National Char, National Char Varying, National Character, National Character Varying String
NChar Varying String
Numeric Varies depending on the precision and scale. For details, see the numeric conversion table.
Real Varies depending on the precision and scale. For details, see the numeric conversion table.
Numeric data type conversions
Oracle numeric types are converted to Data Collector data types based on the precision and scale of the Oracle numeric type. The following table describes how the types are converted:
Precision Scale Data Collector Data Type
Not specified Not specified Decimal
Not specified 0 Long
Not specified Greater than 0 Decimal
Less than 3 0 Byte
3-4 0 Short
5-9 0 Integer
10 or greater 0 Long
Any specified value Greater than 0 Decimal

Unsupported Data Types

You can configure how the origin handles unsupported data types at the record or field level.

The Unsupported Column Data Types property defines how the origin handles records that contain unsupported data types. The property provides the following options:

  • Pass the record to the pipeline - Passes the record to the pipeline. You can configure how the origin handles the fields that contain unsupported data types using the Unsupported Columns property. You can configure the origin to remove empty fields using the Null Columns property.
  • Discard the record - Drops the record from the pipeline.
  • Send record to error - Passes records to the stage for error handling without the unsupported data type fields.
  • Abort pipeline - Stops the pipeline with an error. Use to review errors and address underlying issues.
When you configure the Unsupported Column Data property to pass records to the pipeline, the Unsupported Columns property defines how the origin handles fields that contain unsupported data types. The property provides the following options:
  • Keep Column with Raw Value - Includes the column as a record field with its original raw value.
  • Keep Column with Null Value - Includes the column as a record field with an empty value.
  • Drop Column - Omits the column from record.
The Oracle CDC origin does not support the following data types:
Unsupported built-in data types
The origin does not support the following built-in data types:
  • BFile
  • Blob
  • Clob
  • Interval Day to Second
  • Interval Year to Month
  • JSON
  • Long
  • Long Raw
  • NClob
  • Raw
Unsupported ANSI data type
The origin does not support the following ANSI data type:
  • Long Varchar

Unsupported data type categories
The origin does not support the following categories of data types:
  • Any
  • Rowid
  • Spatial
  • Supplied
  • User Defined
  • XML Data

For example, this means that the following data types are not supported:

  • DBUritype
  • HTTPUritype
  • Rowid
  • SDO_Geometry
  • SDO_Georaster
  • SDO_Topo_Geometry
  • URowid
  • XDBUritype
  • XMLType

Data Preview with Oracle CDC

When using data preview with the Oracle CDC origin, note the following details:
  • Preview generates a maximum of 10 records, ignoring the Preview Batch Size property when set to a higher value.
  • Preview allows up to 5 seconds for the origin to receive records, which starts after connecting to Oracle. As a result, when previewing a pipeline with an Oracle CDC origin, preview ignores the configured Preview Timeout property when set to a higher value.

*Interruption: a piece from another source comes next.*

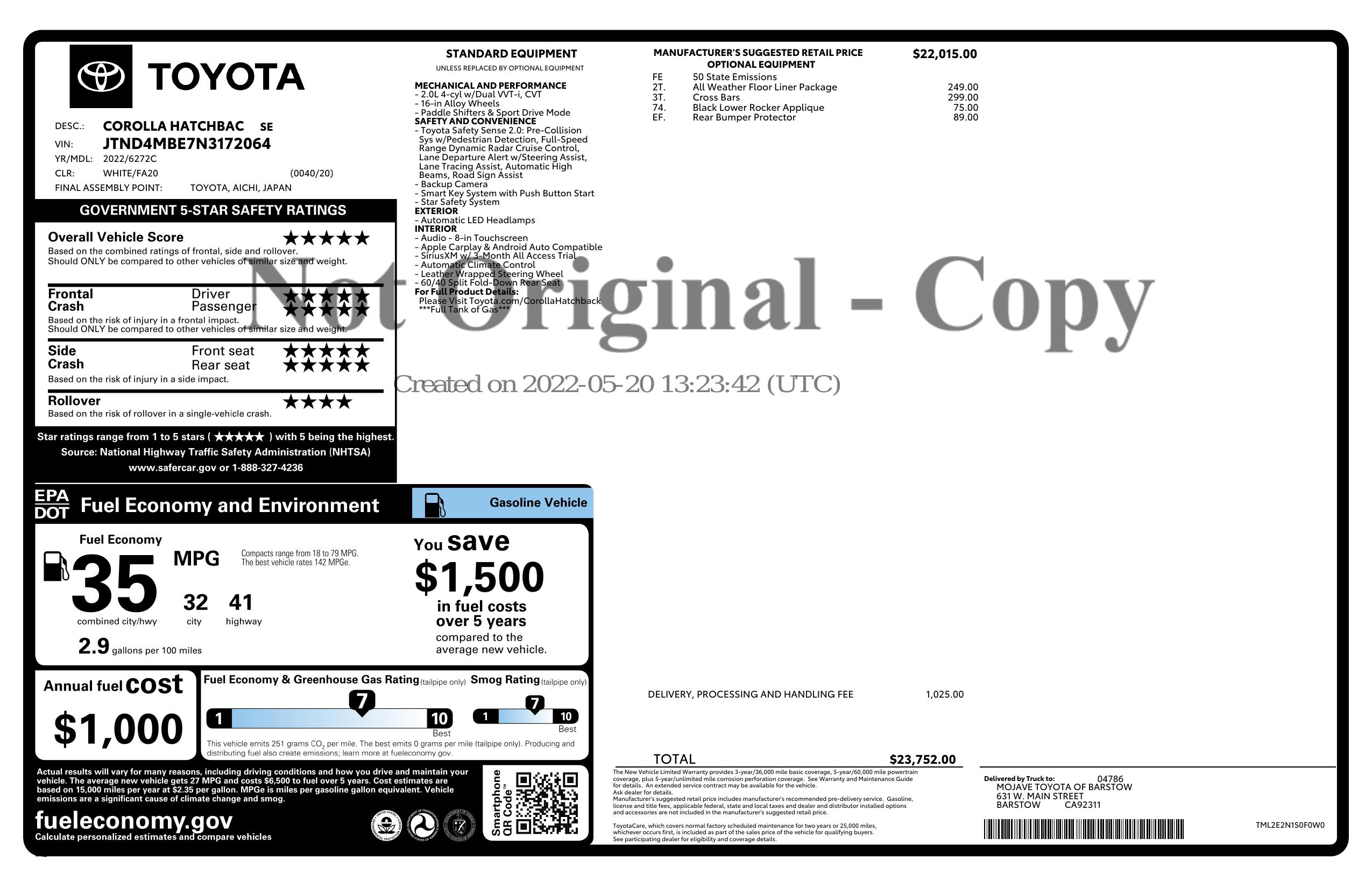 2022 Toyota Corolla Hatchback Cvt (Natl)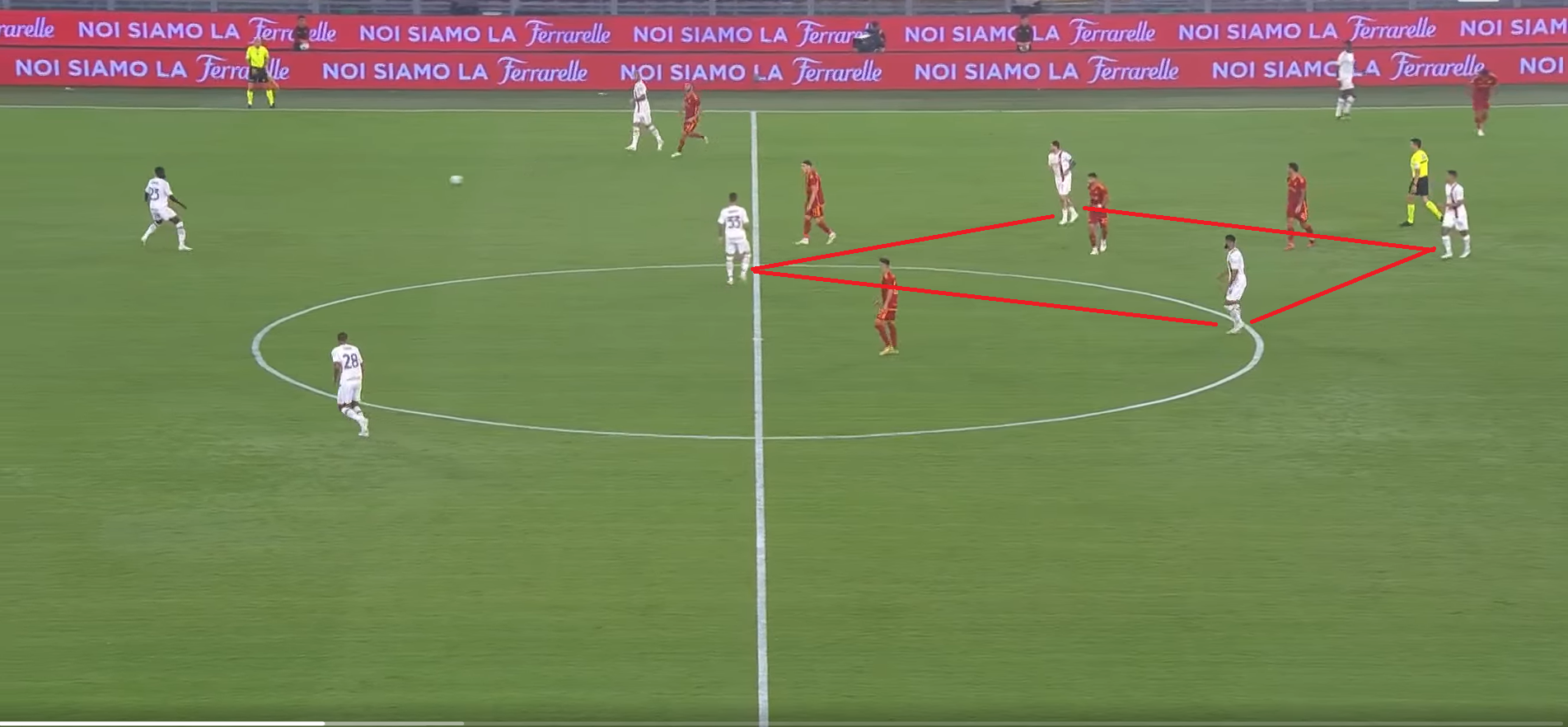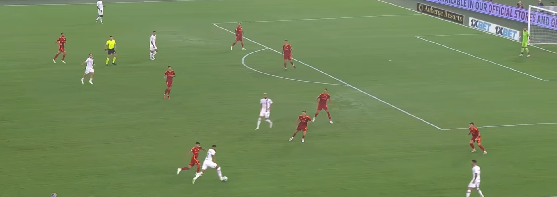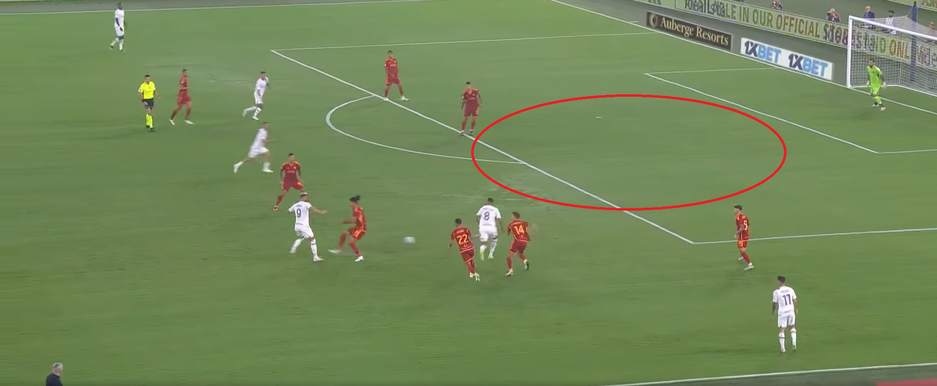 Lo scarico su Loftus libero è il primo presupposto che crea il pericolo. Perché si genera uno spazio alle spalle di Aouar. Mourinho di suo tiene sempre la linea di difesa abbastanza bassa per cui si crea spesso spazio tra la difesa e i centrocampisti. Questo è successo in modo più marcato dopo il vantaggio ma lo vediamo dopo.

    For other origins, the preview timeout period begins when you start preview and includes the connection time to external systems.

Working with the Drift Synchronization Solution

If you use the Oracle CDC origin as part of a Drift Synchronization Solution for Hive pipeline, make sure to pass only records flagged for Insert to the Hive Metadata processor.

The Drift Synchronization Solution for Hive enables automatic updates of Hive tables based on incoming data. The Hive Metadata processor, the first stage in the solution, expects Insert records only. Below are some recommended methods to ensure that the processor receives only Insert records:
  • Configure the Oracle CDC origin to process only Insert records.
  • If you want to process additional record types in the pipeline, use a Stream Selector processor to route only Insert records to the Hive Metadata processor.

Configuring an Oracle CDC Origin

Configure an Oracle CDC origin to use LogMiner to process change data capture information from an Oracle database. Before you use the origin, complete the prerequisite tasks.

  1. In the Properties panel, on the General tab, configure the following properties:
    General Property Description
    Name Stage name.
    Description Optional description.
    Produce Events Generates event records when events occur. Use for event handling.
    On Record Error Error record handling for the stage:
    • Discard - Discards the record.
    • Send to Error - Sends the record to the pipeline for error handling.
    • Stop Pipeline - Stops the pipeline.
  2. On the Connection tab, configure the following properties:
    Connection Property Description
    Connection Connection that defines the information required to connect to an external system.

    To connect to an external system, you can select a connection that contains the details, or you can directly enter the details in the pipeline. When you select a connection, Control Hub hides other properties so that you cannot directly enter connection details in the pipeline.

    Connection Type Type of connection to use:
    • Thin Style - Service Name
    • Thin Style - System Identifier
    • Net Connection Descriptor
    • Net Connection Alias
    • Easy Connect
    Host Host name or IP address of the database.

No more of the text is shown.